What our competitors did was they stopped marketing altogether because they wanted to save money, so they stopped completely all marketing. We were the only ones—and you can actually get data about how much money and how much television adverts you can see. The blue one here is Jobzonen. They have some marketing at the beginning of 2008 and the year of 2010, but for two years they have no television advertisement at all. Whereas the red one is Jobindex—we continued our television advertisement even though our customers didn’t thank us because they got 400 or 300 applications. But we thought, “Okay, the best time to gain market share is when none of the competitors are advertising and a lot of people were actually looking for a job.
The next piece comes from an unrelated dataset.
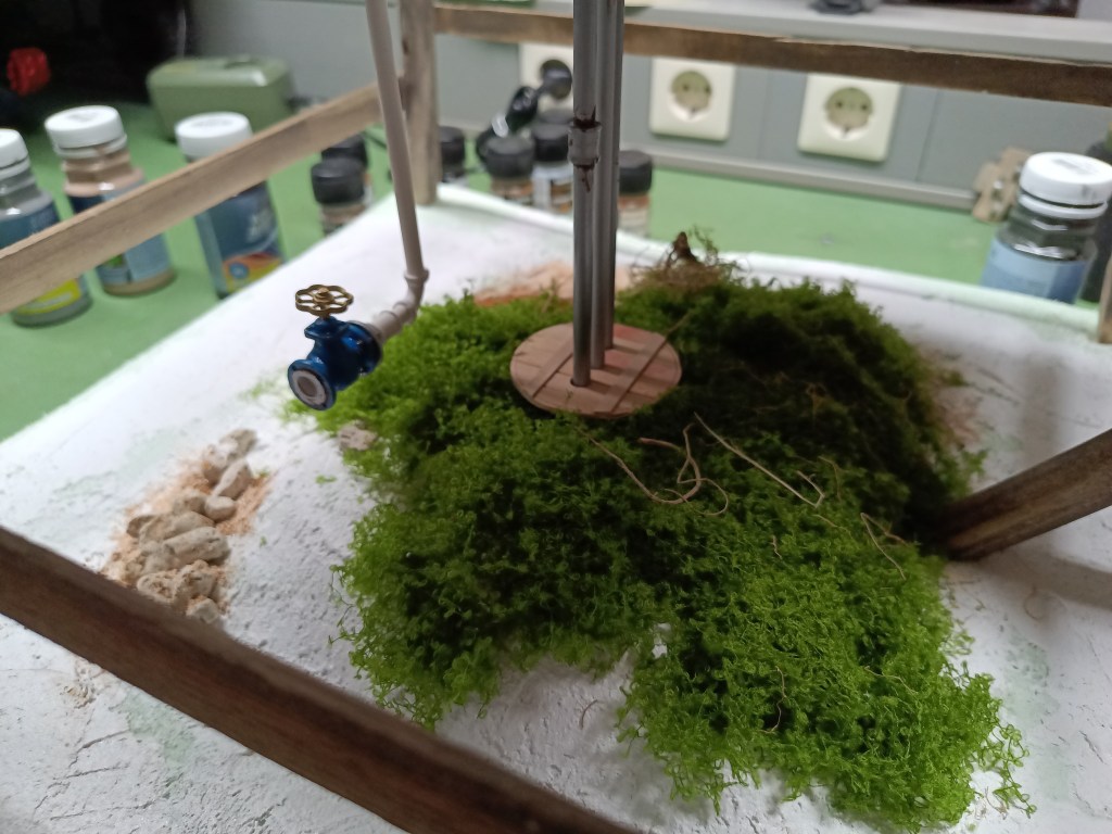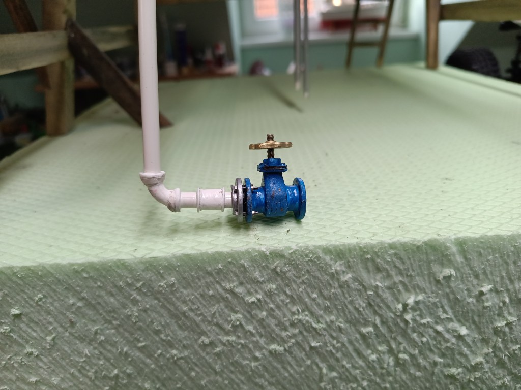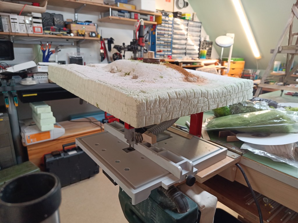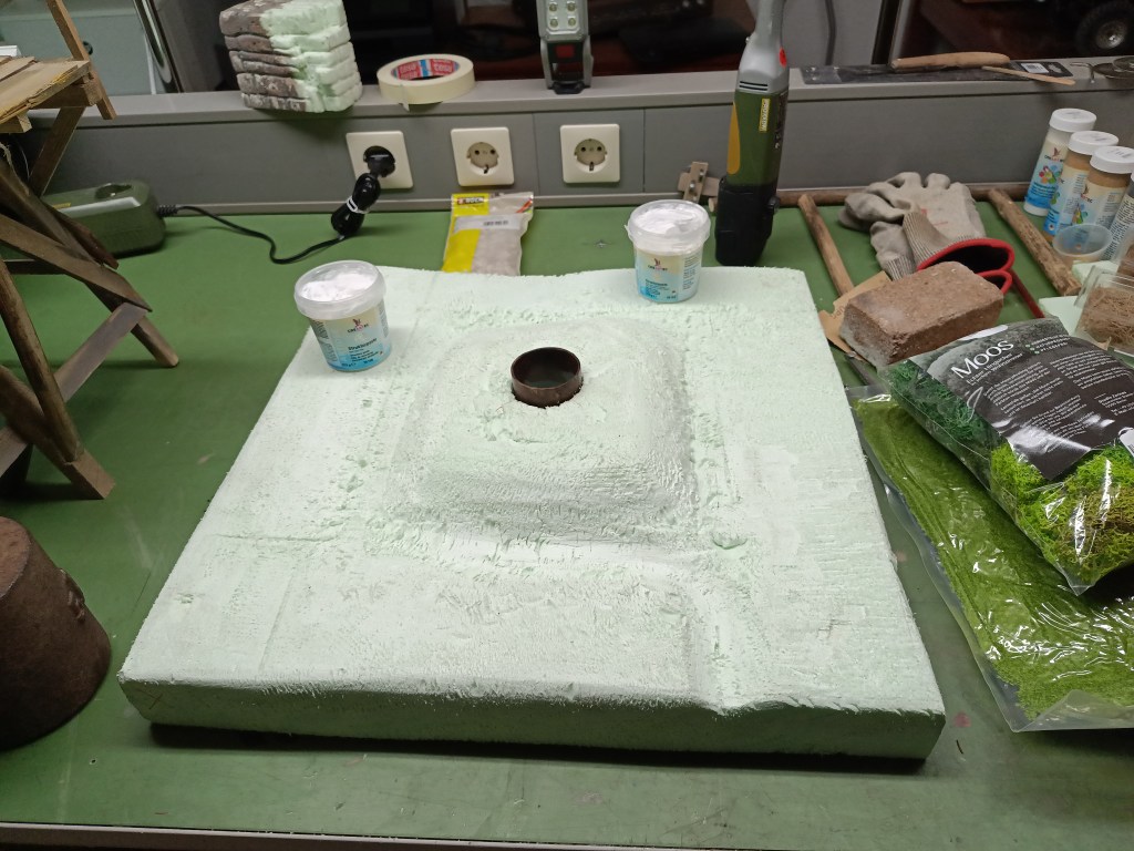 Connected to the pipeline, the result looks like this. The cut-out base plate made of Styrodur is also already visible in the background.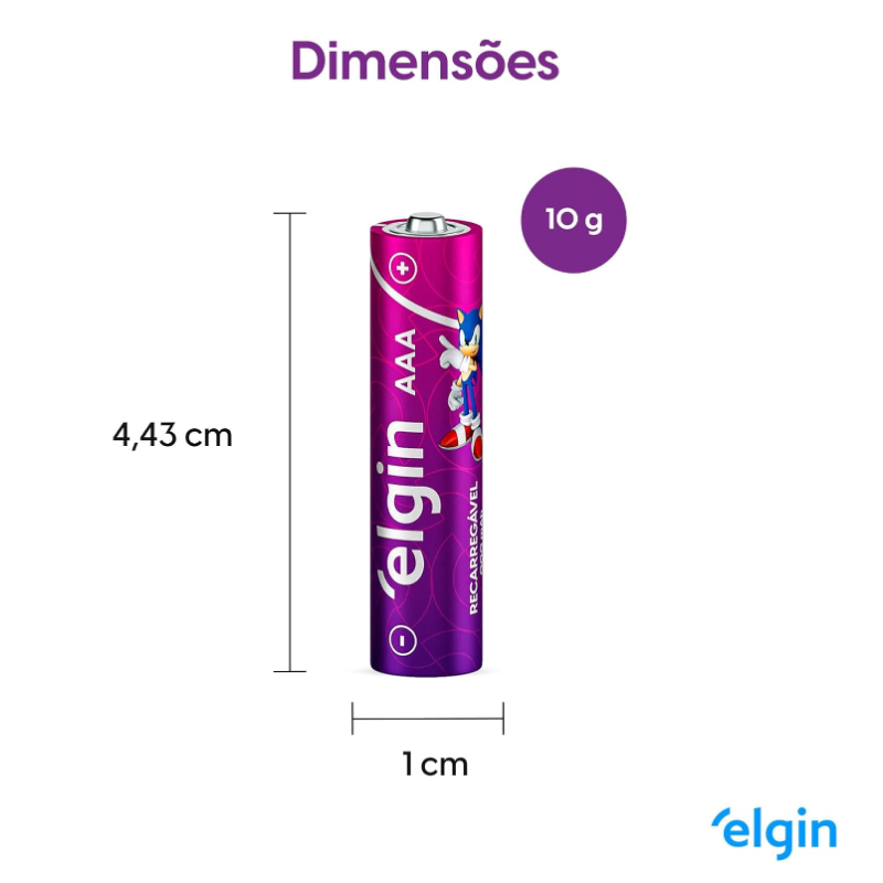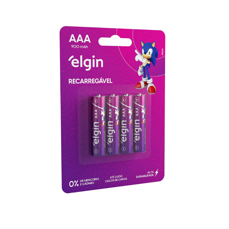 As pilhas recarregáveis Elgin têm parceria com a Sonic the Hedgehog e foram desenvolvidas nos mais altos padrões de qualidade para garantir o funcionamento dos dispositivos por mais tempo com mais estabilidade. Elas permitem até 1000 recargas, tornando um produto além de econômico, muito sustentável. Entre 11 marcas de pilhas do mercado avaliadas em testes do INMETRO, as pilhas Elgin apresentaram um resultado excelente na relação custo por hora útil. Além disso, elas são testadas periodicamente por laboratórios credenciados pelo INMETRO, para garantir a qualidade e conformidade com a resolução Conama 401.

We’re not going to make money on those market shares now, but those market shares might be valuable in three or four years.” You can only do this if you think three or four years ahead and if you have the money to think three or four years ahead.
Of course, some of the newspapers got into trouble here. Berlingske was owned by a [inaudible] wh had borrowed money from the bank and the bank ran out of money, so don’t borrow. I mean, rule number one for entrepreneurs is “Don’t borrow money,” especially not from the bank that runs all the money.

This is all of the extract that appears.